Tardé meses en que me dieran el alta en la rehabilitación, pero la recuperación mental y anímica fue peor. Dejé mi trabajó, cambiamos de planes,  canalicé el dolor y empecé a escribir como hacía años que no escribía. Y eso me abrió nuevas oportunidades profesionales. Emily dedicó nuestras vacaciones de verano a llevarme a ciudades que no conocía para tratar de despertar de nuevo mis ganas de descubrir cosas, de tener aventuras y vivir la vida intensamente. Florida, Miami, Nashville, Hawai, Alabama, New Jersey… Aunque los golpes de nuestras vidas empezaban a ser demasiados y demasiado grandes, mi maravillosa novia consiguió recordarme con todos sus pequeños detalles y esfuerzos que en el mundo había muchas más cosas buenas que malas y que juntas podríamos con todo. En cada ciudad me sentí casi como en casa porque en cualquier parte ella era mi casa. Ese mismo verano, cuando volvimos a Nueva York después de una de nuestras escapadas, encontramos un video que Laura nos había mandado a modo de invitación personal a su boda. Me pedía por favor que hiciese todo lo posible por ir a su enlace. Teníamos medio año para comprar un billete, arreglar las cosas y que Emily hiciese un hueco en su trabajo. Sabía que mi madre y mi hermano también echaban de menos Pontevedra y para entonces haría seis años que yo no estaba en mi ciudad y que no veía a mis amigas. Al ver el video e imaginarme a Laura camino del altar pensé en todos las navidades, cumpleaños, graduaciones, fiestas… que me había perdido en seis años, en todas las posibles despedidas, romances, bodas, rupturas, sorpresas o reuniones de las que yo no había formado parte, instantes irrepetibles que ya no iba a recuperar. Y decidí que este momento no quería perdérmelo también, después de todo lo que nos había pasado quería estar allí para ella. Compramos los billetes y planeamos estar un tiempo en Europa; después de seis años volvía a casa explícitamente para la boda de Laura.

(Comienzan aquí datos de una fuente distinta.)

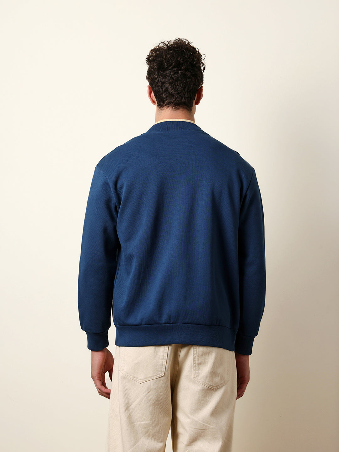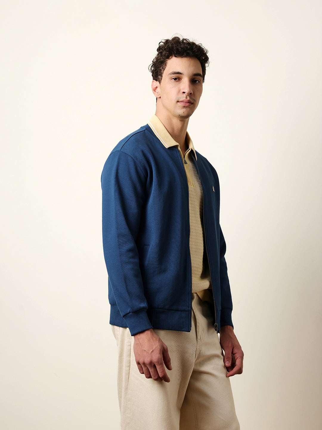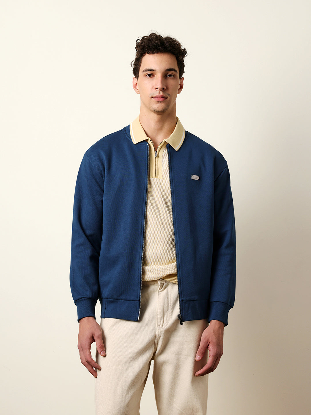 Blue Regular Fit Mock Neck Jacket with Zipper Closure – Classic Solid Design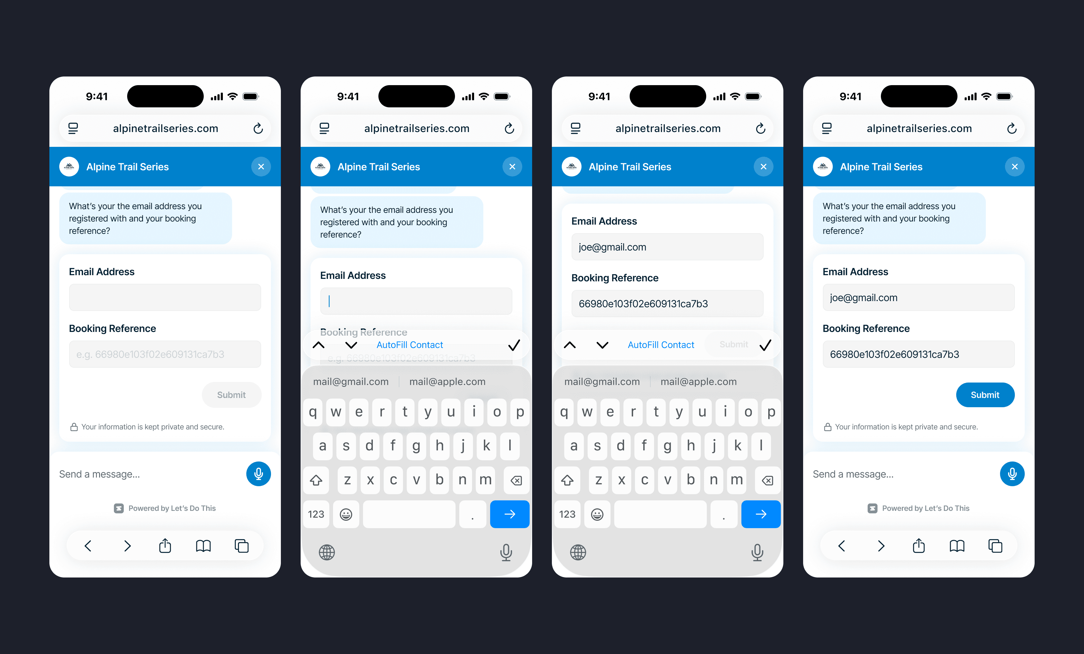 Some conversations require participants to provide structured information such as email addresses, booking details or registration information.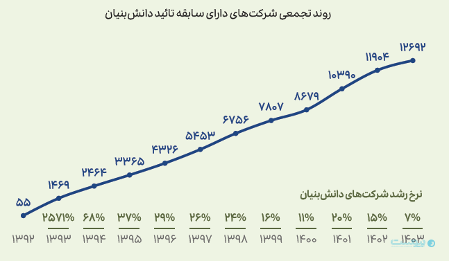 تا پایان سال ۱۴۰۳ تعداد شرکتهای دانشبنیان فعال به ۱۰ هزار و ۱۰۸ شرکت رسیده است. در این سال ۷۸۹ شرکت جدید موفق به دریافت تاییدیه دانشبنیان شدهاند و در مقابل، ۳۹۹ شرکت نیز از این فهرست خارج شدهاند. در مجموع تاکنون ۱۲ و هزار و ۶۹۲ شرکت حداقل یک بار تاییدیه دانشبنیان دریافت کردهاند. با این حال نرخ رشد شرکتهای دانشبنیان در سال ۱۴۰۳ به ۷ درصد کاهش یافته که پایینترین میزان رشد در ۱۰ سال گذشته محسوب میشود. این موضوع نشان میدهد سرعت ورود شرکتهای جدید به زیستبوم فناوری نسبت به سالهای قبل کمتر شده است.

Y después de asentarme en Pontevedra, después de ese reencuentro con mis amigas en un viejo bar que solíamos frecuentar y a pesar de todas las inseguridades e incertidumbres que habían resurgido en mí al volver a estar todas juntas, cuando unos días después conocí al hijo de Laura sentí que había tomado la decisión correcta. Jorge, al que Emily llamaba cariñosamente George, tenía dos mesitos y era la cosa más bonita de este mundo. Él me miró con los ojos preciosos que había heredado de su mami, Emily me acarició la espalda y supe en ese instante que lo habíamos superado, estábamos preparadas para volver a intentar tener un niño.